When Holmes had a spell of thinking to do, he would build a cushion nest before the fire and work his way through a heap of his most disgusting tobacco. I, however, had never found combustion inspiring, and preferred to meditate on objects with more substance than a dart of flames or a wisp of smoke: a lengthy walk, the lick of waves on a shore, a solitary train journey.
The countryside went by: cropped grassland, farms, hedgerows, the back gardens in towns. For all the attention I paid, I might as well have been travelling through Stockholm as Surrey.
It is War time. A sensitive young woman is hit by two hard losses and a seismic change in the structure of her small corner of the aristocracy.
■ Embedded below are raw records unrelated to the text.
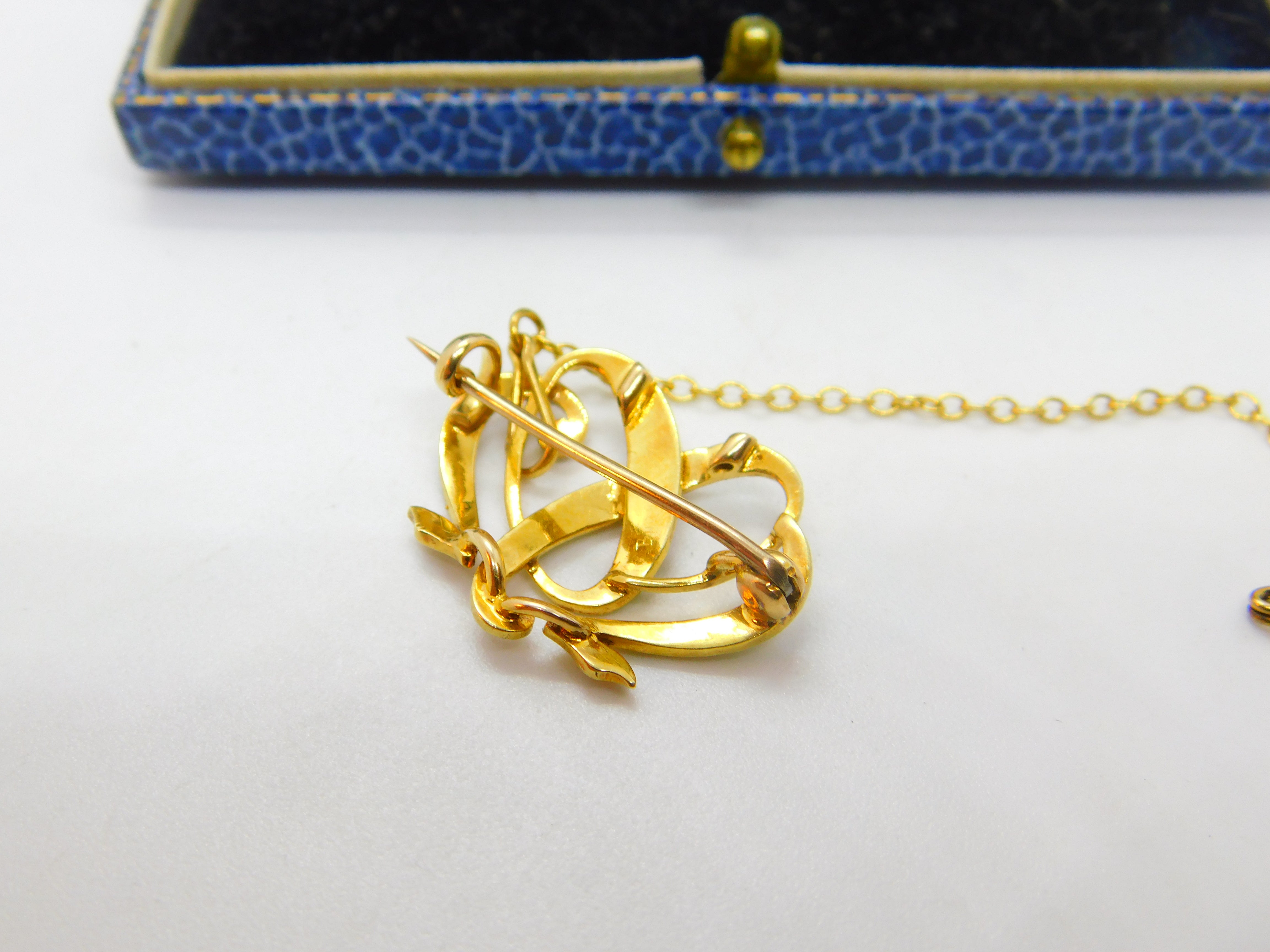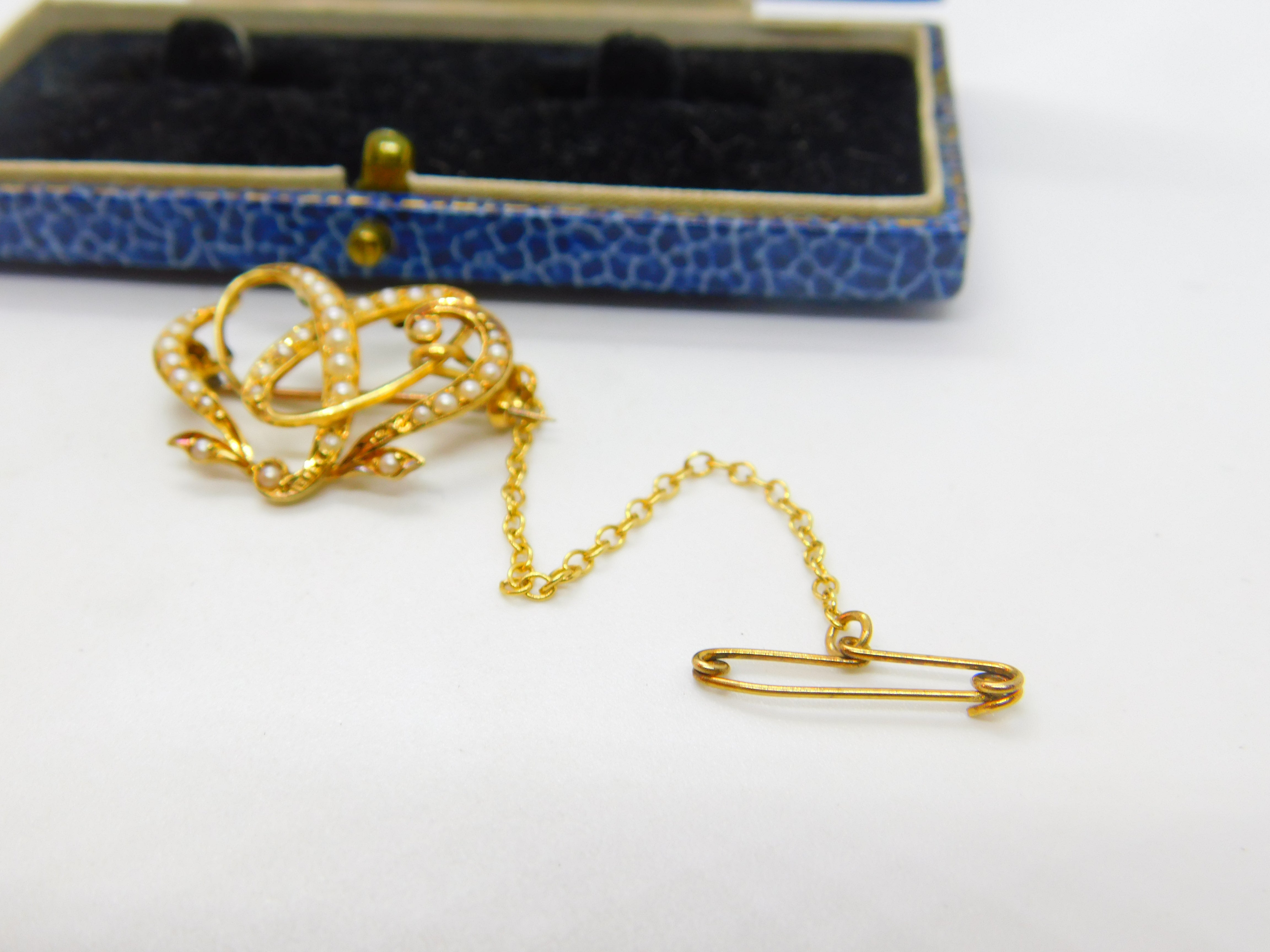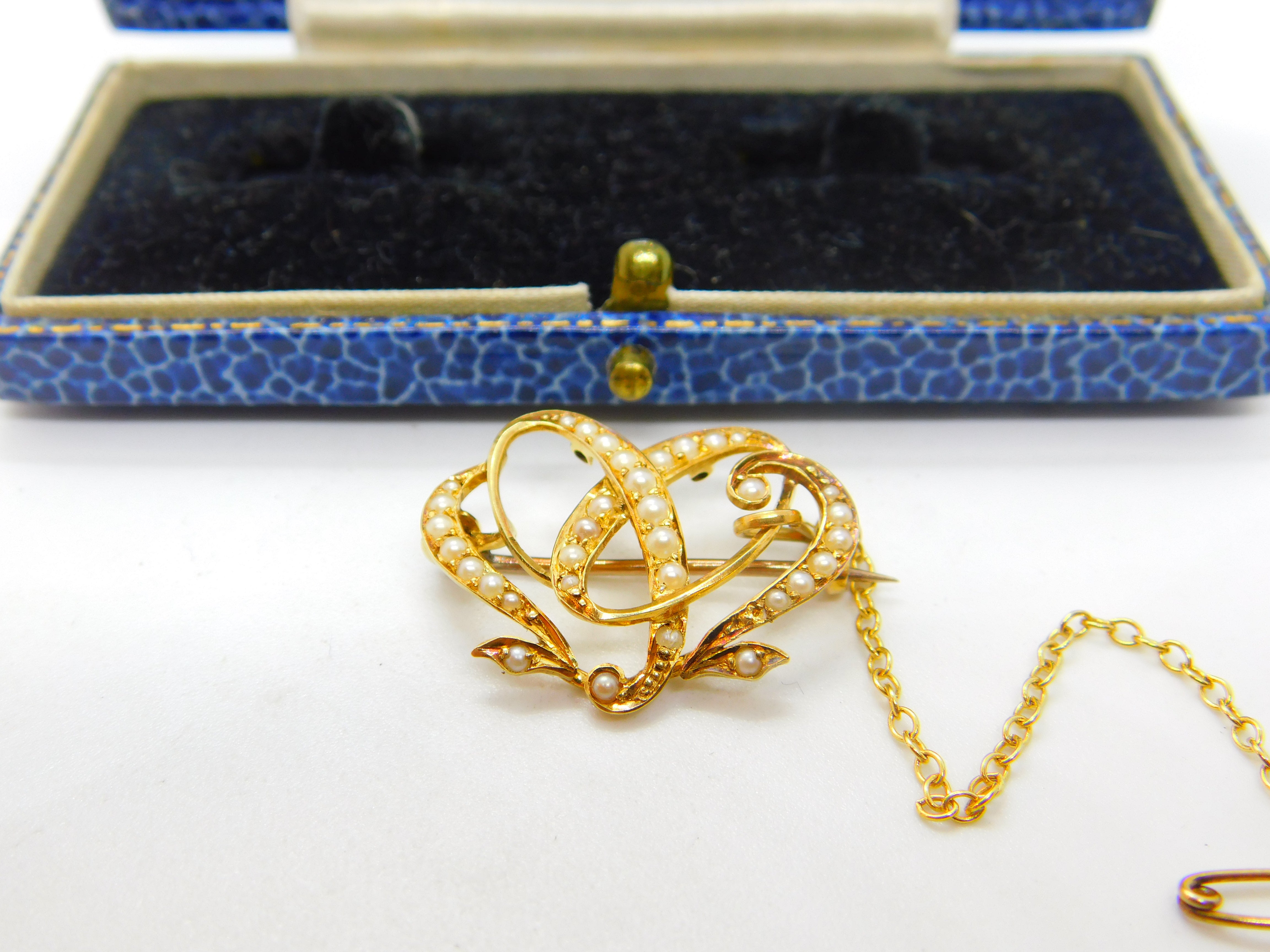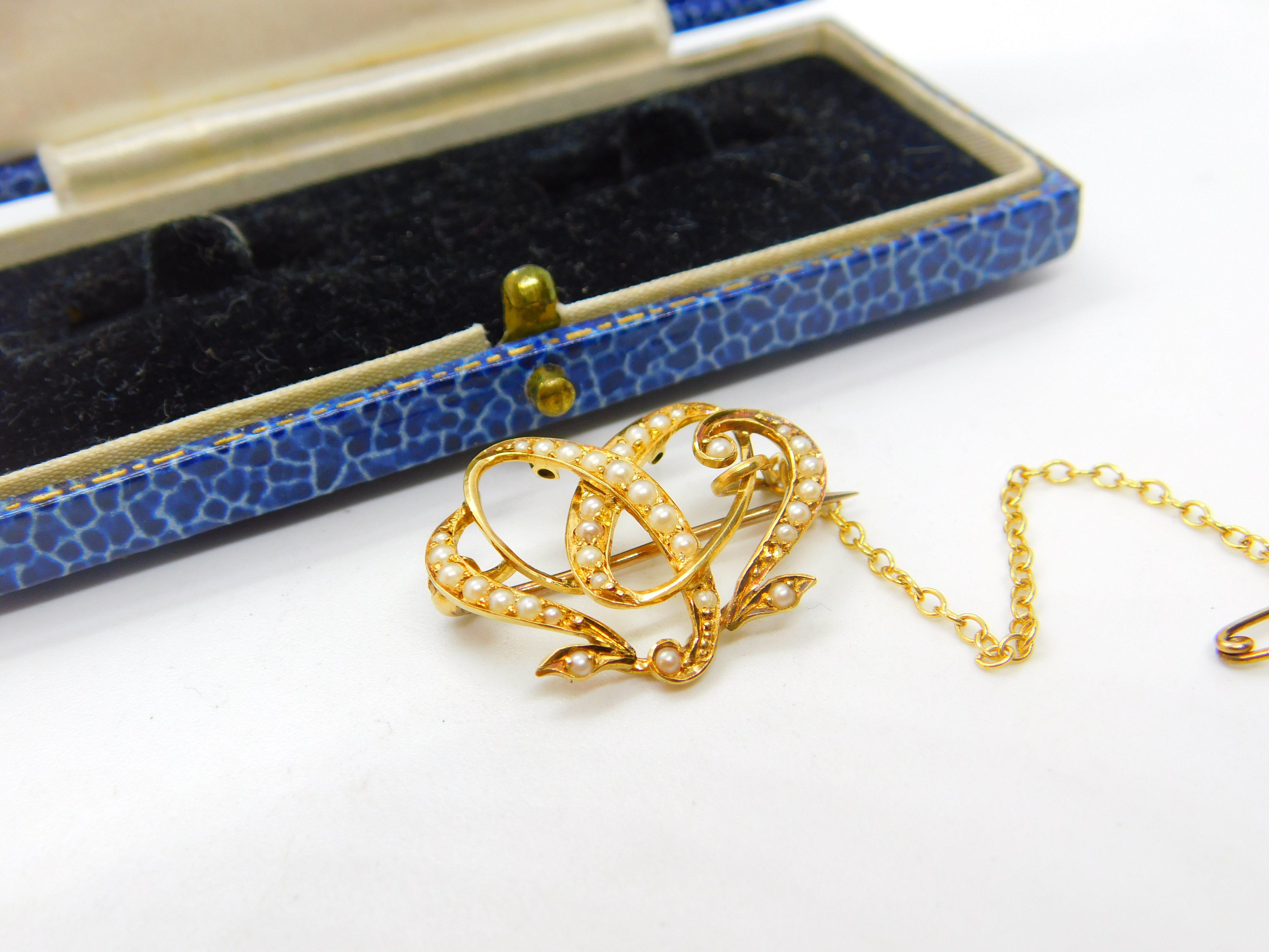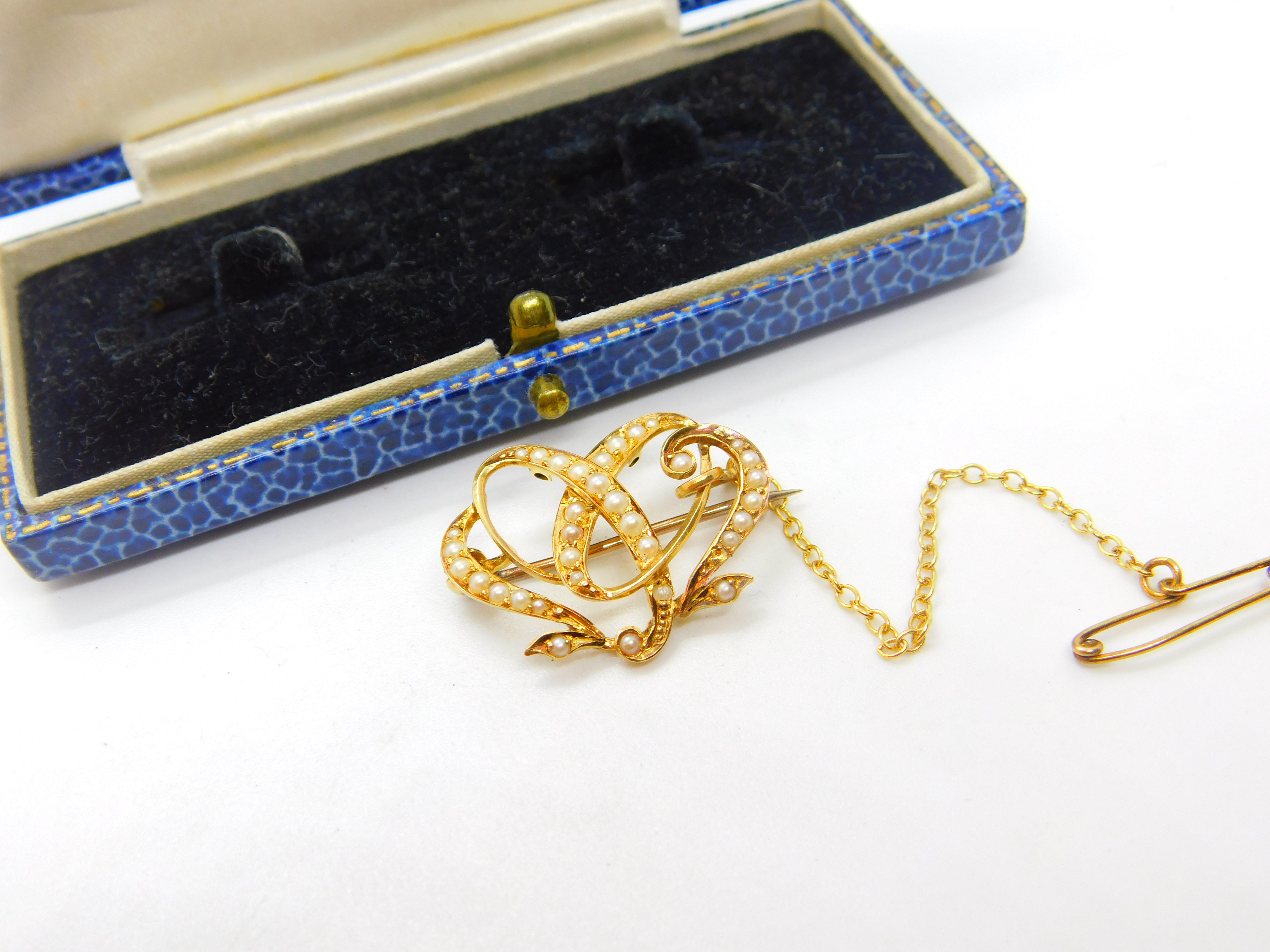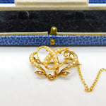 Victorian 15ct Yellow Gold & Seed Pearl Sweetheart Brooch Antique c1880 Art Nouveau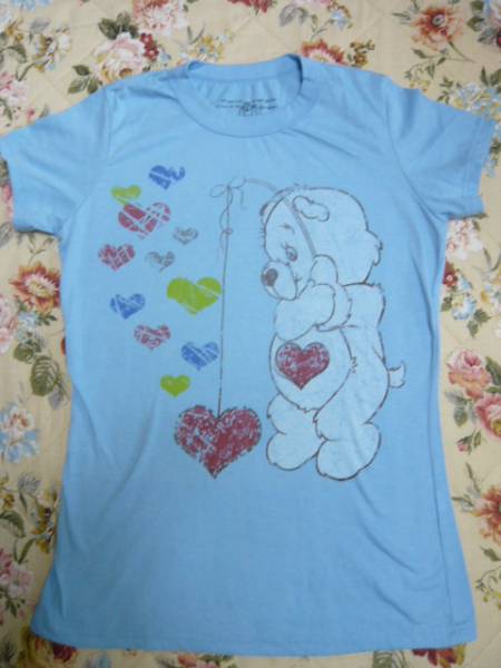 - 匿名配送 送料無料 未使用 肌触りが良い ケアベア Tシャツ 半袖 ブルー クラシック 綿100 レトロ ハート レディース 海外製 水色 タイ製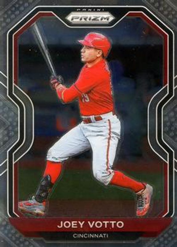 The Joey Votto 2021 Prizm #221 Base card is 1 of 43 Joey Votto's card variations in the 2021 Prizm set being tracked by Sports Card Investor, including Blue, Blue Velocity, Carolina Blue, Cosmic Haze, and Giraffe.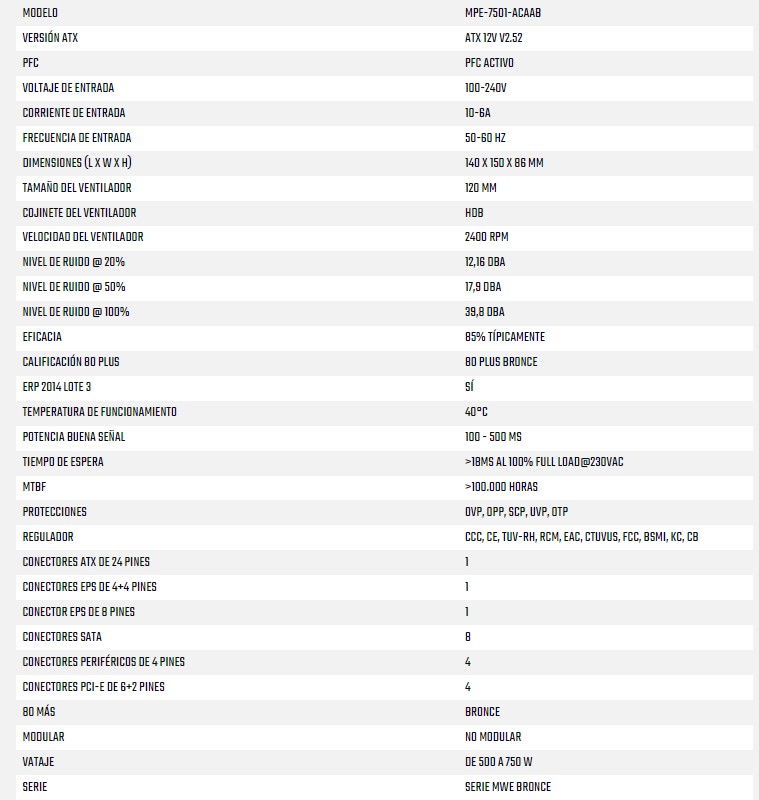 Fuente de Poder 750W Cooler Master MWE 750 Bronze V2, Certificada 80+ Plus Bronze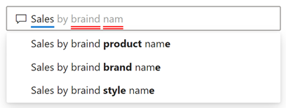 10月版还更新了Q&A问题输入框的用户体验。您将看到我们从您的数据模型中了解的术语上看到蓝色下划线。红色下划线用于表示模棱两可或我们根本不了解的术语。当你选择一个特定的自动提示输入时,也会有一个新的下拉体验,类似于您在网络搜索引擎中获得的建议。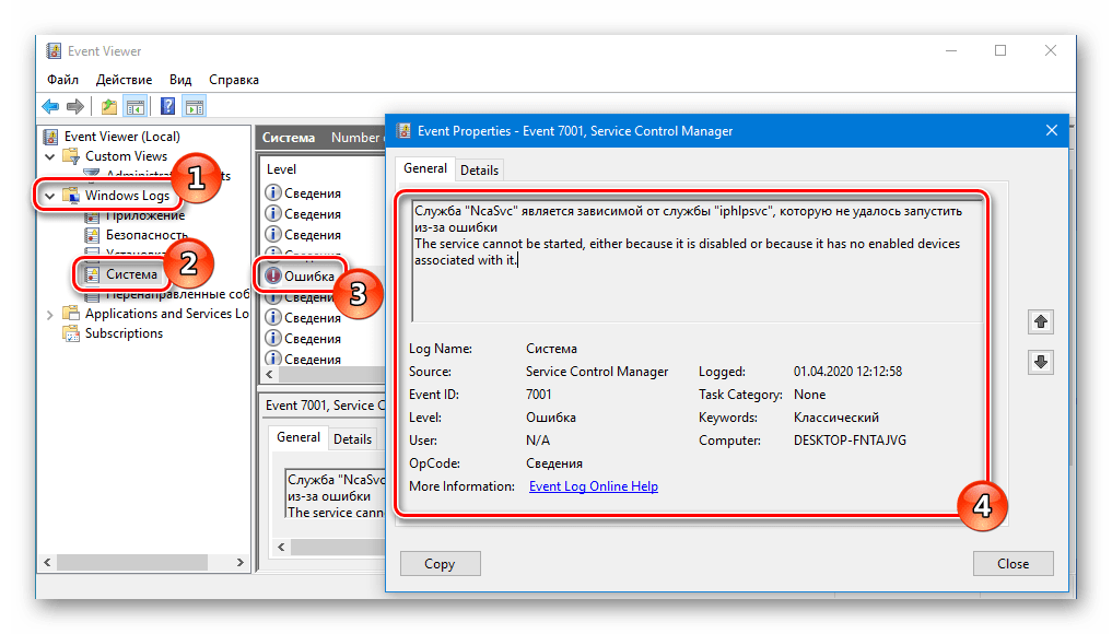 Теперь в середине окна можно будет отыскать ошибку и, кликнув по ней дважды, посмотреть подробности.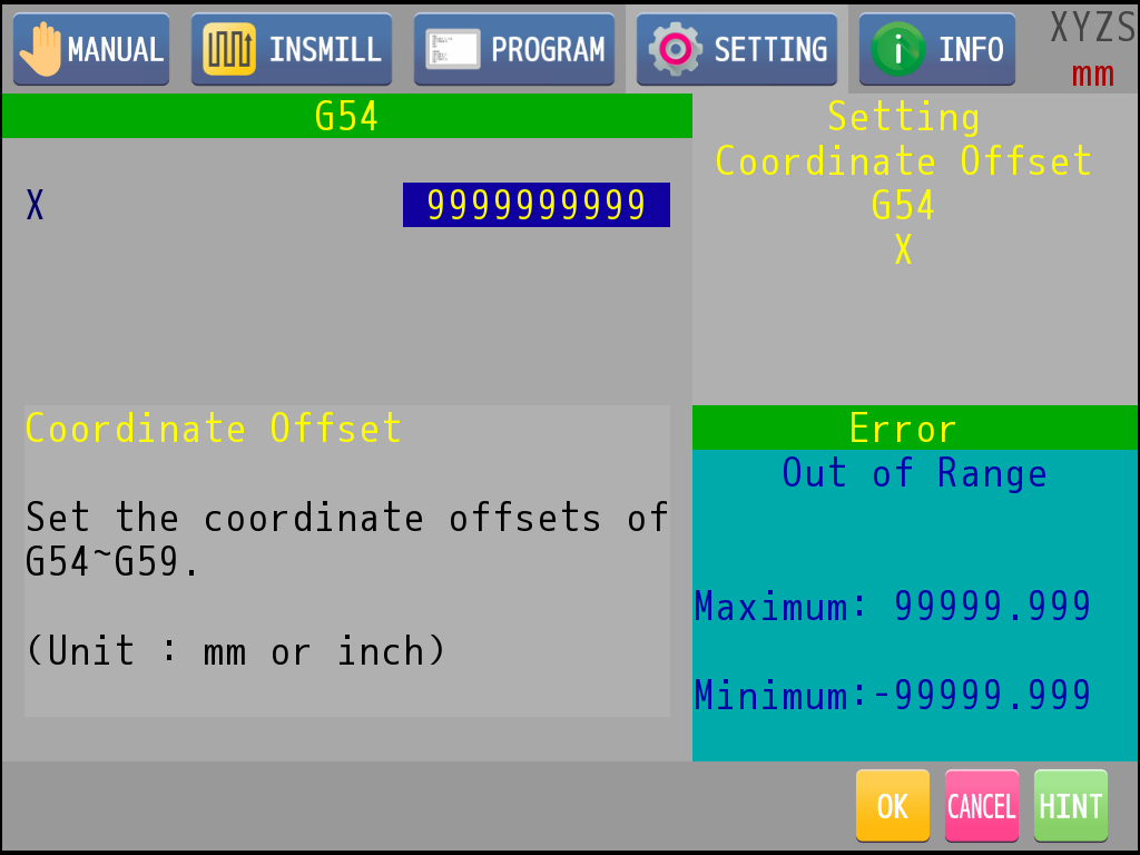 Press key 2 to leave input mode and return to upper layer. If the value is not in the proper range after editing, an error message will pop up at the bottom right. |

Yes, the nation is in turmoil, but so is her private world: father and brother dead, her family’s domestic arrangements turned upside-down. Her much older half-brother, frustrated by his reduced circumstances and its resultant life in the country, finds himself living cheek-by-jowl with a difficult young woman he barely knows. A flighty and fragile girl who turns out to be not only unbalanced, but—the family must suspect it—a lesbian, unwilling to be caught by a husband.
So, faced with this difficult yet financially solvent person, why not simply lock her away? As far as the Marquess is concerned, “the gel’s” inheritance is rightfully his—after all, didn’t her mother replace his as the Marchioness? Surely his stepmother’s money should be regarded as part of the larger estate? She’d had no right to assign her money to the girl of the family, not when the heir was in need of it. In any event, Vivian was too mad to take care of her own inheritance, wasn’t she? Perhaps everything would be simplified if she just…went away.
The rich June countryside gave way to London sprawl, my thoughts and mood growing as stained as the buildings that closed around me. It was a good thing that Holmes was not leaning against a stanchion when I climbed down from the train compartment. Had he been, I would surely have heaped my ninety minutes of dark thoughts upon his male head, as a convenient representative of his half of the race.